How to Convert a Repeating Decimal to a Fraction

To convert a repeating decimal into a fraction, I use the following formula:$$ \text{Fraction} = \frac{N - A}{D} $$ where:

• \(N\) is the number written without the decimal point, including all digits from both the repeating and non-repeating parts.
• \(A\) is the non-repeating portion written without the decimal point.
• \(D\) is the denominator, formed by writing as many \(9\)s as there are digits in the repeating part, followed by as many \(0\)s as there are digits in the non-repeating part.

A worked example

Consider the repeating decimal \(13.2\overline{31}\). Its fractional form is:

$$ \frac{13231 - 132}{990} = \frac{13099}{990} $$

Here, \(N = 13231\), \(A = 132\), and \(D = 990\). The repeating part has two digits, which gives two 9s, while the non-repeating part has one digit, which contributes a single 0.

Therefore,

$$ 13.2\overline{31} = \frac{13099}{990} $$

This procedure is completely general and applies to any repeating decimal.

An alternative method

This approach relies on setting up and solving a simple linear equation.

To convert a repeating decimal into a fraction:

1. Introduce a variable to represent the number.

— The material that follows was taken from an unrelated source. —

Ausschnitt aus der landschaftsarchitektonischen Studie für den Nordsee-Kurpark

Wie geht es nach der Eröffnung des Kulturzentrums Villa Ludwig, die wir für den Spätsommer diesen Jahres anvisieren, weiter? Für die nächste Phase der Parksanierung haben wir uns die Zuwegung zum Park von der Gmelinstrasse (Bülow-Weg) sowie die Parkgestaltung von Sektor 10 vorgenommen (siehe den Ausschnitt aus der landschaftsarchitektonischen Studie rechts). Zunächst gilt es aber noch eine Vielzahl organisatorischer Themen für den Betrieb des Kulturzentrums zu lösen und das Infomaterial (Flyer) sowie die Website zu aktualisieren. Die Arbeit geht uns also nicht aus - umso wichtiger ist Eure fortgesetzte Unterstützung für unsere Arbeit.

For example, \(x = 0.777...\).
2. Multiply by an appropriate power of 10 so that the repeating block shifts to the left of the decimal point. For instance, \(10x = 7.777...\).
3. Subtract the original equation from the new one to eliminate the repeating part. For example, \(10x - x = 7\).
4. Solve the resulting equation for \(x\), yielding \(x = \frac{7}{9}\).

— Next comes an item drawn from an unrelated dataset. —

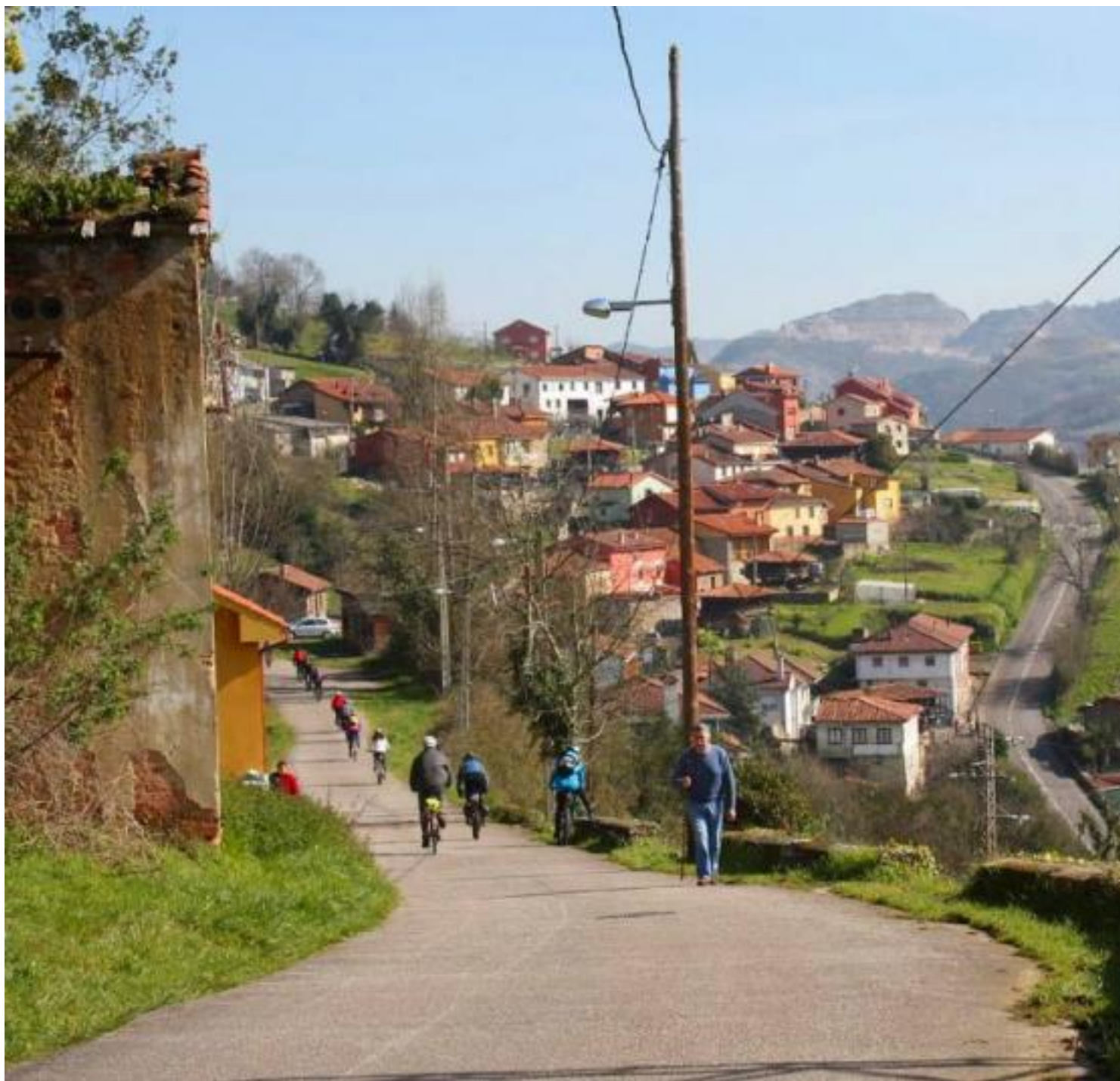
Manzaneda, bajando desde Picuyananza

Why does this work? This method works because every repeating decimal can be expressed as an infinite geometric series. By subtracting a suitably shifted copy of the number, the repeating portion cancels out, reducing the problem to a simple linear equation.

Example

Convert the repeating decimal \(0.777...\) into a fraction.

Let

$$ x = 0.777... $$

Multiply both sides by 10:

$$ 10 \cdot x = 10 \cdot 0.777... $$

$$ 10x = 7.777... $$

Subtract the first equation from the second:

$$ 10x - x = 7.777... - 0.777... $$

$$ 9x = 7 $$

Solve for \(x\):

$$ x = \frac{7}{9} $$

Thus, \(0.777...\) is equal to \(\frac{7}{9}\).

Example 2

Now consider the number \(0.16 \overline{23}\).

Let

$$ x = 0.16232323... $$

Multiply both sides by \(100\) to eliminate the non-repeating part:

$$ 100 \cdot x = 100 \cdot 0.16232323... $$

$$ 100x = 16.232323... $$

Multiply again by \(100\) to align the repeating block:

$$ 100 \cdot 100x = 100 \cdot 16.232323... $$

$$ 10000x = 1623.232323... $$

Subtract the previous equation from this one:

$$ 10000x - 100x = 1623.232323... - 16.232323... $$

$$ 9900x = 1607 $$

Solve for \(x\):

$$ x = \frac{1607}{9900} $$

Hence, \(0.16 \overline{23}\) is equal to \(\frac{1607}{9900}\).

The same reasoning applies in general.